⟨
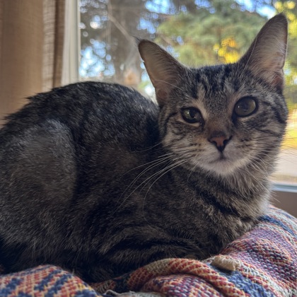 Kanga has the sweetest meow and loves to chat with her people. From the moment we met her, she was ready for some pets and affection. Kanga is definitely a ground-level kind of gal. She's happy to be held for a few minutes but she much prefers to stay low, lounging or exploring at her own pace. Kanga will chase her jingle balls, bat toys around and go after the feather wand. She likes to jump around when playing with her toys - it is pretty entertaining! She will scratch her scratching posts, curl up in the cat tower hidey holes and really likes perching to watch the wildlife outside. She is just over a year old and healthy overall. If you're looking for a good mix of calm, playful and lovey, Kanga could be your girl.
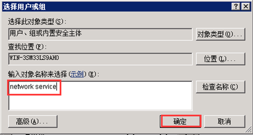 第五步,同樣的方法添加對(duì)象名“network service”并開放“修改”權(quán)限。如圖:
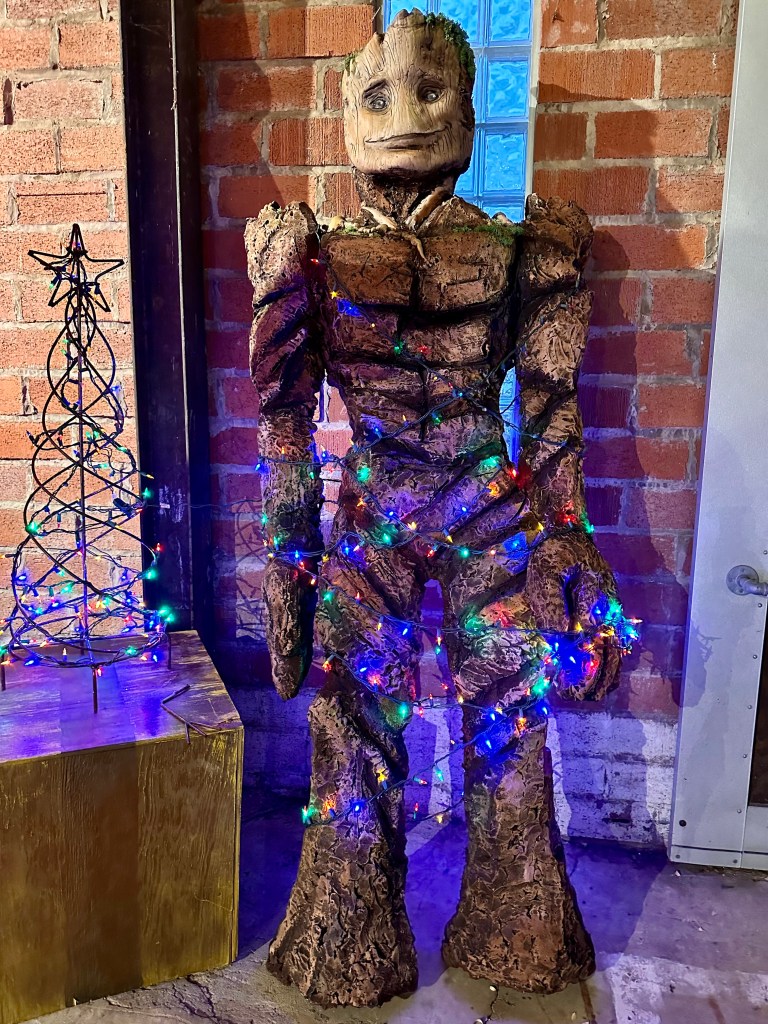 So every year Lindale Tourism decorates their Blackberry Pavilion and I get the honor to create some fun budget friendly characters, sets and backdrops. The Christmas prior to the 2024 eclipse was used as a lead-up to the actual event, so we decided to go with a few galaxy themed vignettes including Guardians of the Galaxy because of their fun Christmas special. I built this 8′ tall Groot from MDF, spray foam and modeling foam. He was such a hit!
⟩
▶ _What the exercise asks_
Restate the material above word for word; pictures do not belong in the copy.

▶ _Written answer_
 Kanga has the sweetest meow and loves to chat with her people. From the moment we met her, she was ready for some pets and affection. Kanga is definitely a ground-level kind of gal. She's happy to be held for a few minutes but she much prefers to stay low, lounging or exploring at her own pace. Kanga will chase her jingle balls, bat toys around and go after the feather wand. She likes to jump around when playing with her toys - it is pretty entertaining! She will scratch her scratching posts, curl up in the cat tower hidey holes and really likes perching to watch the wildlife outside. She is just over a year old and healthy overall. If you're looking for a good mix of calm, playful and lovey, Kanga could be your girl.
 第五步,同樣的方法添加對(duì)象名“network service”并開放“修改”權(quán)限。如圖:
 So every year Lindale Tourism decorates their Blackberry Pavilion and I get the honor to create some fun budget friendly characters, sets and backdrops. The Christmas prior to the 2024 eclipse was used as a lead-up to the actual event, so we decided to go with a few galaxy themed vignettes including Guardians of the Galaxy because of their fun Christmas special. I built this 8′ tall Groot from MDF, spray foam and modeling foam. He was such a hit!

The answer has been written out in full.